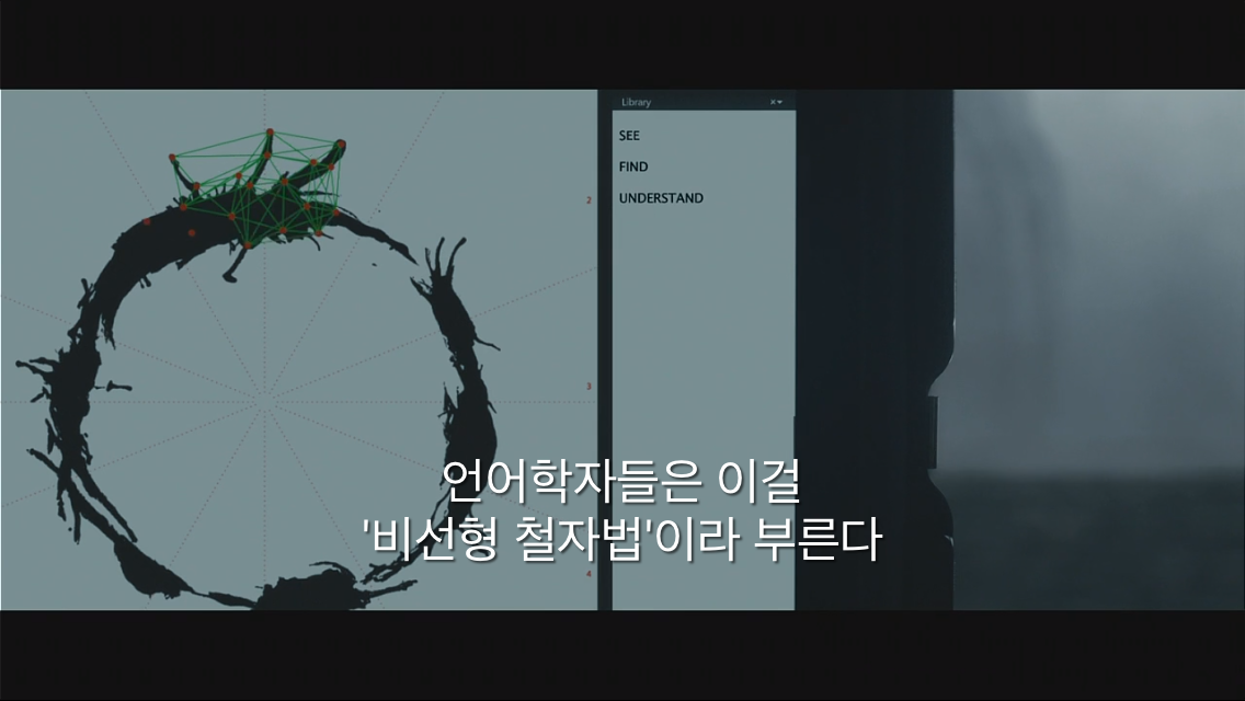 영화의 주요 줄거리는 주인공인 언어학자 루이스가 외계 생물체(이하 햅타포드, 7개의 발)의 언어를 분석하고 그들과 소통하게 되는 것이다. 영화에선 언어가 우리의 사고방식에 미치는 영향에 대해서 이야기한다. 흔히 '사피어-워프 가설'이라 불리는 언어학적 가설에 따르면, 사용하는 언어가 생각하는 방식을 결정하고 사물을 보는 시각도 바꾼다고 한다. 햅타포드어의 가장 중요한 특징 두 가지는 다음과 같다.
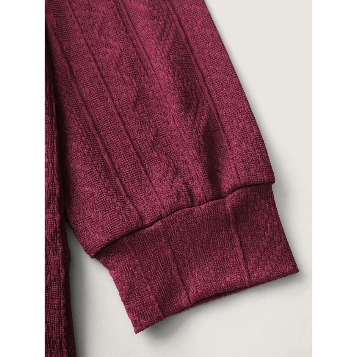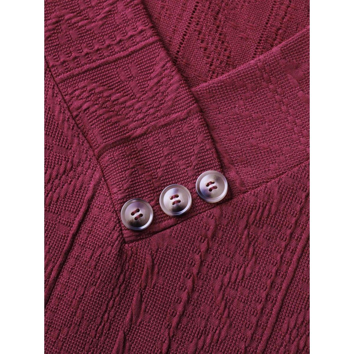 Plus Size Textured Stretchy Buttons T-Shirt Burgundy Women Leisure Texture V-neck Casual T-shirts BloomChic 14-16/1X
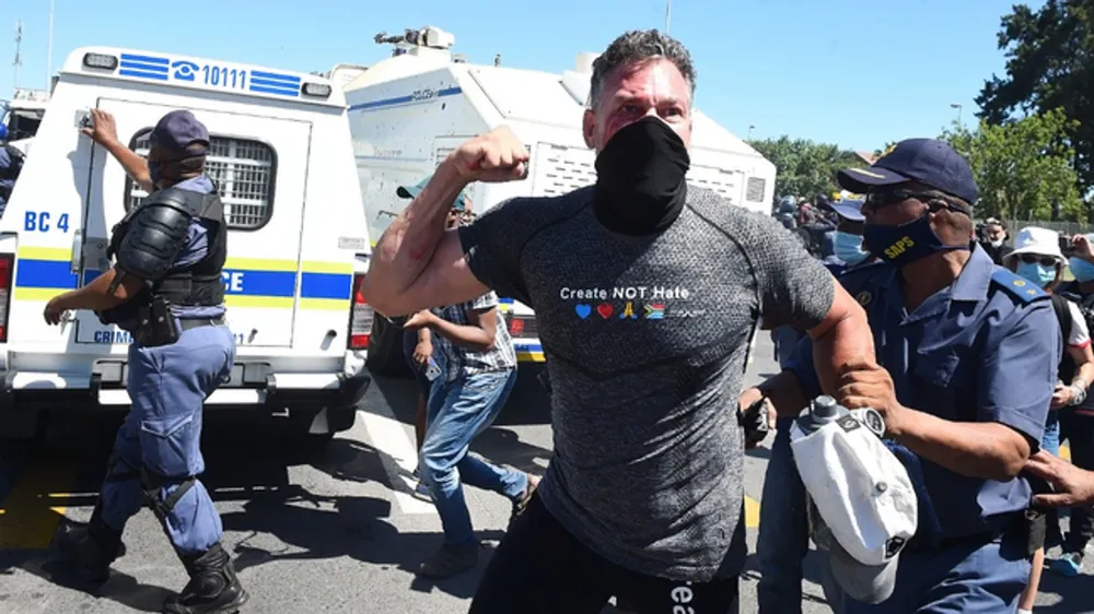 Police spokesperson FC van Wyk said: “One member of the public was injured after he attempted to disrupt the EFF protest. He was arrested on the scene on a charge of incitement and is also due in court in due course.
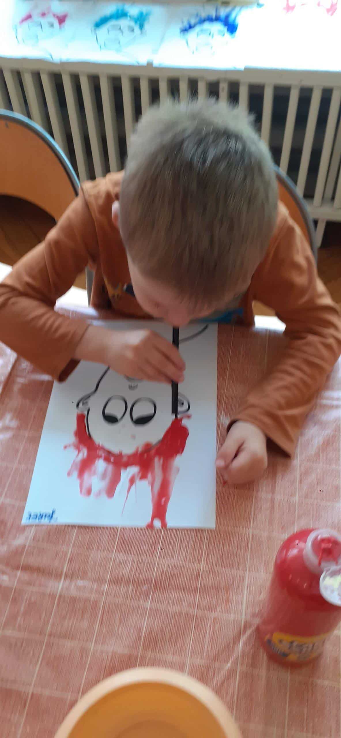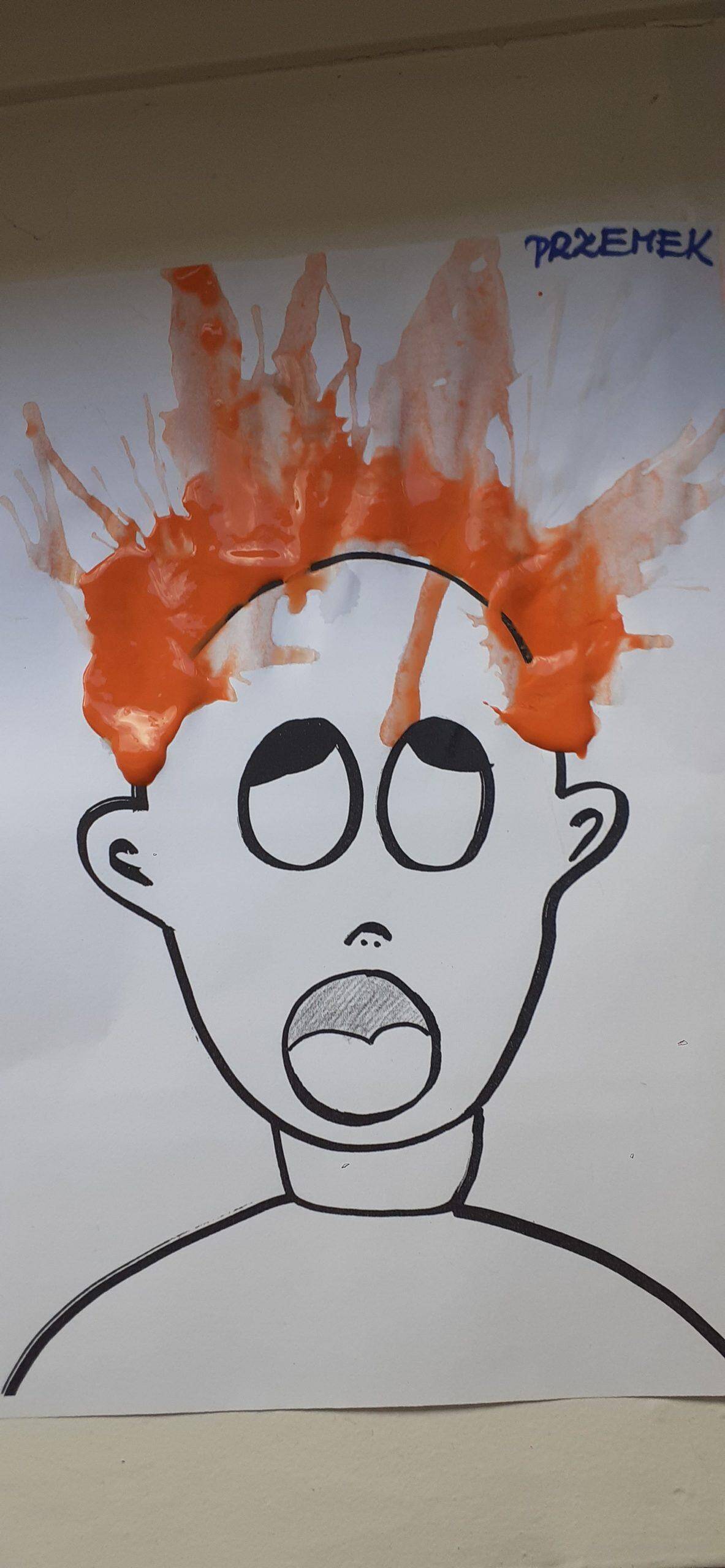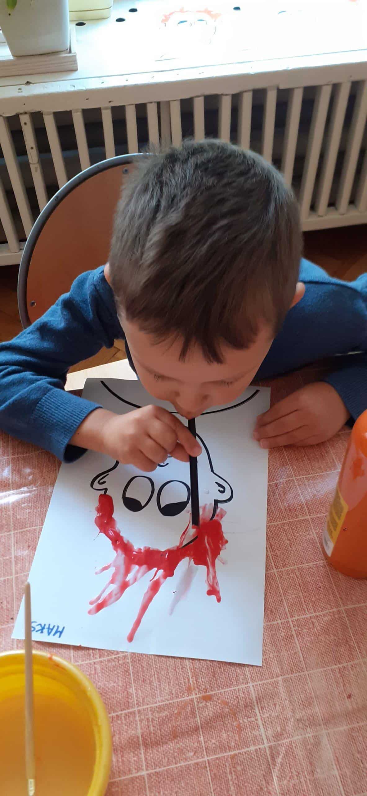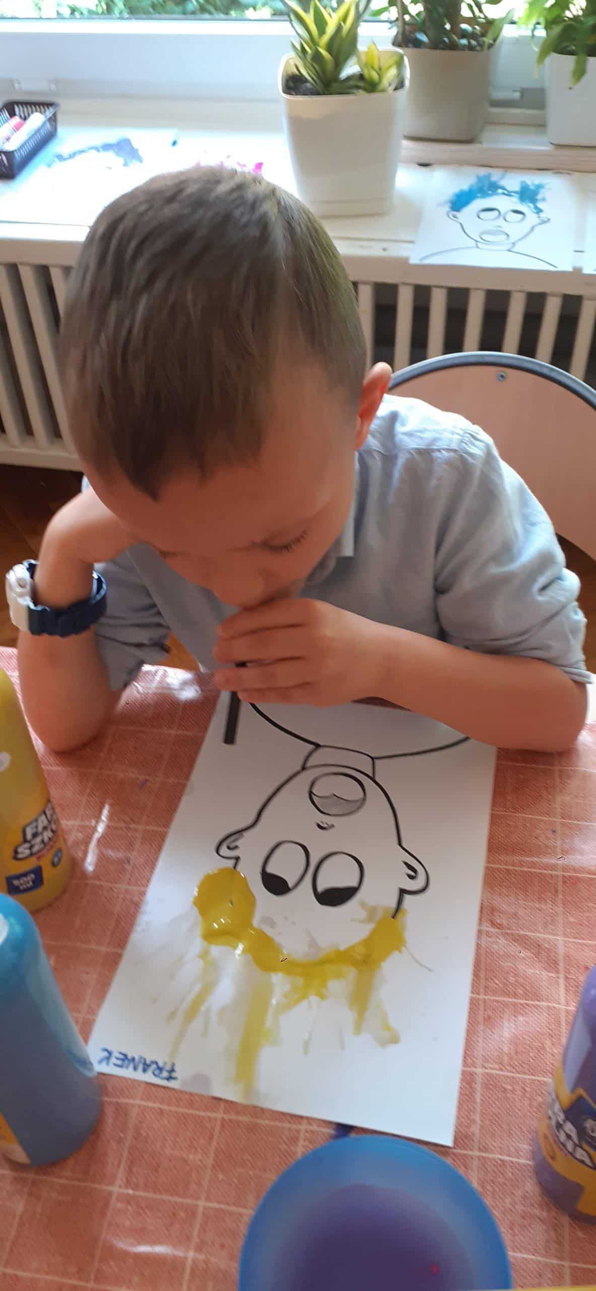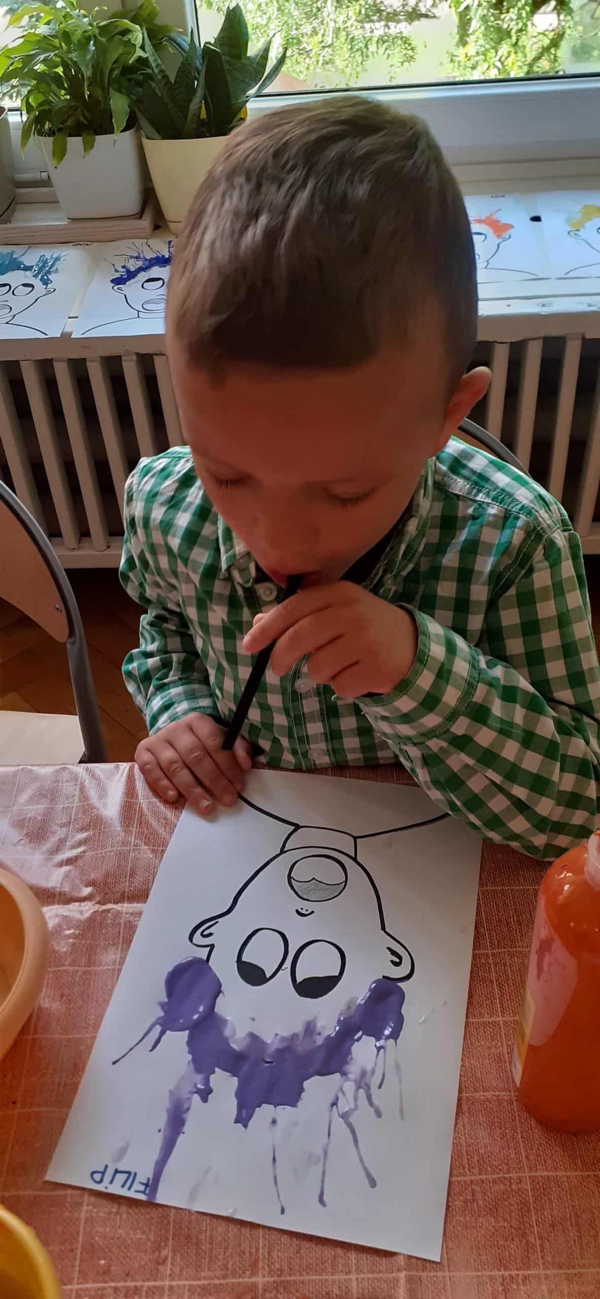 Dzieci bardzo lubią zabawy oddechowe , zwłaszcza te , podczas których można wprawić w ruch lub przemieścić kulki, piórka, małe piłeczki, kawałki papieru, czy też bibułkę. Dla rozwoju dziecka zabawy te maję ogromne znaczenie. Pomagają lepiej kontrolować emocje, poprawiają zdolność skupienia uwagi, a także wpływają na lepszą wymowę. Tym razem dzieci bardzo zaskoczył na kartce wizerunek postaci bez włosów. Dzieci otrzymały zadanie domalowania włosów przy pomocy farby i rurki do napojów. Ale jako to zrobić – nie zanurzając rurki w farbie ? I tu nastąpiła burza mózgów- czyli mnóstwo pomysłów dzieci. Odkrycie -że należy domalować włosy bardzo przestraszonej osobie za pomocą wydmuchiwanego przez rurkę powietrza było nieco trudne, ale za to jaka to była wspaniała zabawa. Zdjęcia mówią same za siebie. Efekt bardzo rozweselił dzieci.
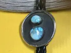 Kreisrunde Bolo Tie aus Sterlingsilber mit zwei blauen Türkissteinen
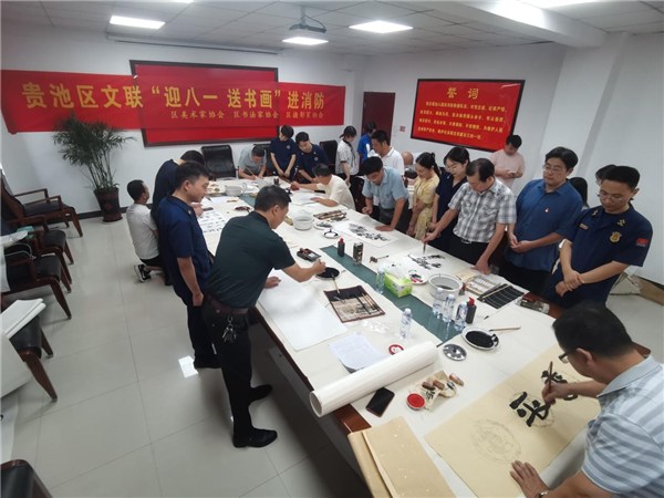 为庆祝建军95周年,7月20日,贵池区文联携手贵池区消防救援大队,组织区书协、区美协、区摄协二十名文艺志愿者、党员志愿者为消防救援队员们送来一场艺术盛宴。

++++

**Try it**
The answer must be a word-for-word copy of all the entries, containing no pictures.

**Task result**
 영화의 주요 줄거리는 주인공인 언어학자 루이스가 외계 생물체(이하 햅타포드, 7개의 발)의 언어를 분석하고 그들과 소통하게 되는 것이다. 영화에선 언어가 우리의 사고방식에 미치는 영향에 대해서 이야기한다. 흔히 '사피어-워프 가설'이라 불리는 언어학적 가설에 따르면, 사용하는 언어가 생각하는 방식을 결정하고 사물을 보는 시각도 바꾼다고 한다. 햅타포드어의 가장 중요한 특징 두 가지는 다음과 같다.
 Plus Size Textured Stretchy Buttons T-Shirt Burgundy Women Leisure Texture V-neck Casual T-shirts BloomChic 14-16/1X
 Police spokesperson FC van Wyk said: “One member of the public was injured after he attempted to disrupt the EFF protest. He was arrested on the scene on a charge of incitement and is also due in court in due course.
 Dzieci bardzo lubią zabawy oddechowe , zwłaszcza te , podczas których można wprawić w ruch lub przemieścić kulki, piórka, małe piłeczki, kawałki papieru, czy też bibułkę. Dla rozwoju dziecka zabawy te maję ogromne znaczenie. Pomagają lepiej kontrolować emocje, poprawiają zdolność skupienia uwagi, a także wpływają na lepszą wymowę. Tym razem dzieci bardzo zaskoczył na kartce wizerunek postaci bez włosów. Dzieci otrzymały zadanie domalowania włosów przy pomocy farby i rurki do napojów. Ale jako to zrobić – nie zanurzając rurki w farbie ? I tu nastąpiła burza mózgów- czyli mnóstwo pomysłów dzieci. Odkrycie -że należy domalować włosy bardzo przestraszonej osobie za pomocą wydmuchiwanego przez rurkę powietrza było nieco trudne, ale za to jaka to była wspaniała zabawa. Zdjęcia mówią same za siebie. Efekt bardzo rozweselił dzieci.
 Kreisrunde Bolo Tie aus Sterlingsilber mit zwei blauen Türkissteinen
 为庆祝建军95周年,7月20日,贵池区文联携手贵池区消防救援大队,组织区书协、区美协、区摄协二十名文艺志愿者、党员志愿者为消防救援队员们送来一场艺术盛宴。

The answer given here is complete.